Exercise directions. When writing out the entries below, keep only the lines from the line with "This vintage Schott-Zwiesel" to the line with "計算公式:所需氯化鉀注射液最", both included, exactly as they are, and leave the pictures aside.

Available data START

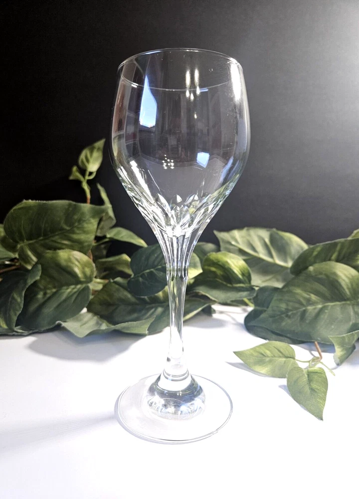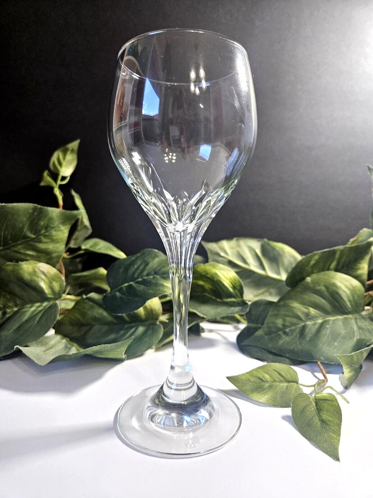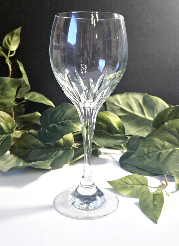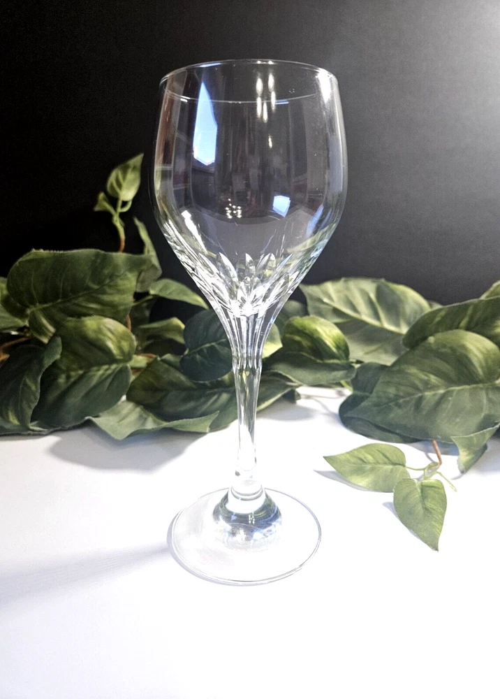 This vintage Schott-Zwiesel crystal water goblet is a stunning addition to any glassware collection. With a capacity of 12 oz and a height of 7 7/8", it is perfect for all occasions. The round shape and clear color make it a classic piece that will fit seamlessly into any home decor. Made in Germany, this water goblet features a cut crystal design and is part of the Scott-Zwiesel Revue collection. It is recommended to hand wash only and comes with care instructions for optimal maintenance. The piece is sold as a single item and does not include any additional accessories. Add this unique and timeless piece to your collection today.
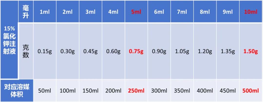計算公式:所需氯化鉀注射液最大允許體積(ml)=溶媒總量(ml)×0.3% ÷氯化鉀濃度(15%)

Available data END
Available data START

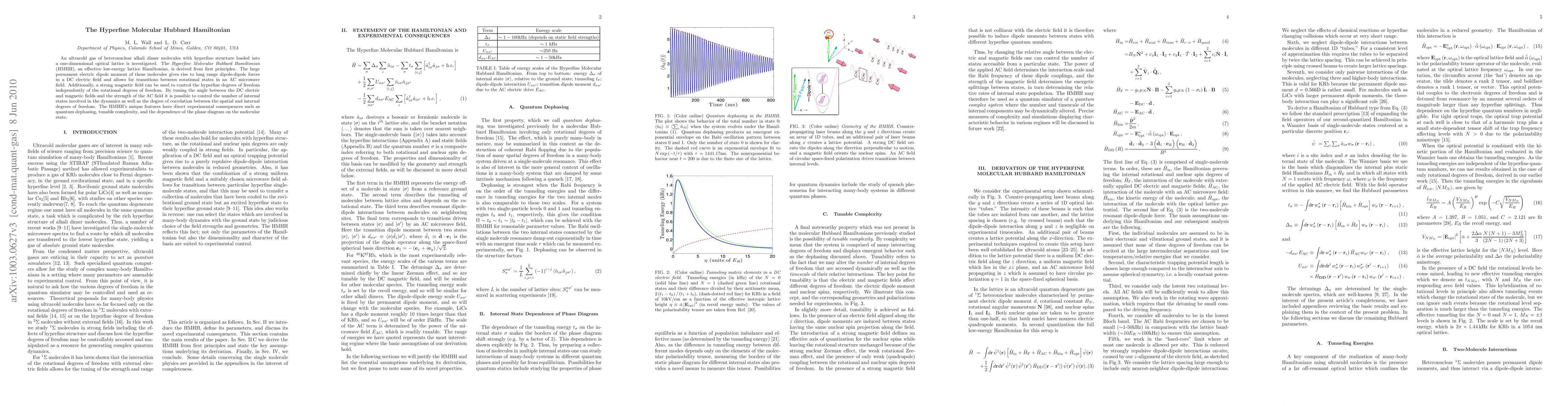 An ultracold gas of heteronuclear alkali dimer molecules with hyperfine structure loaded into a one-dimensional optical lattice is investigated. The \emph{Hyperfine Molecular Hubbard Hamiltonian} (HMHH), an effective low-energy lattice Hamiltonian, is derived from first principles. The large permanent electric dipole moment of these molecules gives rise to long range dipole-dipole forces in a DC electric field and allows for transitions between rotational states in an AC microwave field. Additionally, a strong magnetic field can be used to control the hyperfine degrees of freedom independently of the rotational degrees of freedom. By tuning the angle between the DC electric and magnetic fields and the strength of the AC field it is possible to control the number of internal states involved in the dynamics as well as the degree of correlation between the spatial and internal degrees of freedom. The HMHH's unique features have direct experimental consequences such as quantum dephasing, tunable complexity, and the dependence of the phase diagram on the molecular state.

Available data END

Answer box.
 This vintage Schott-Zwiesel crystal water goblet is a stunning addition to any glassware collection. With a capacity of 12 oz and a height of 7 7/8", it is perfect for all occasions. The round shape and clear color make it a classic piece that will fit seamlessly into any home decor. Made in Germany, this water goblet features a cut crystal design and is part of the Scott-Zwiesel Revue collection. It is recommended to hand wash only and comes with care instructions for optimal maintenance. The piece is sold as a single item and does not include any additional accessories. Add this unique and timeless piece to your collection today.
計算公式:所需氯化鉀注射液最大允許體積(ml)=溶媒總量(ml)×0.3% ÷氯化鉀濃度(15%)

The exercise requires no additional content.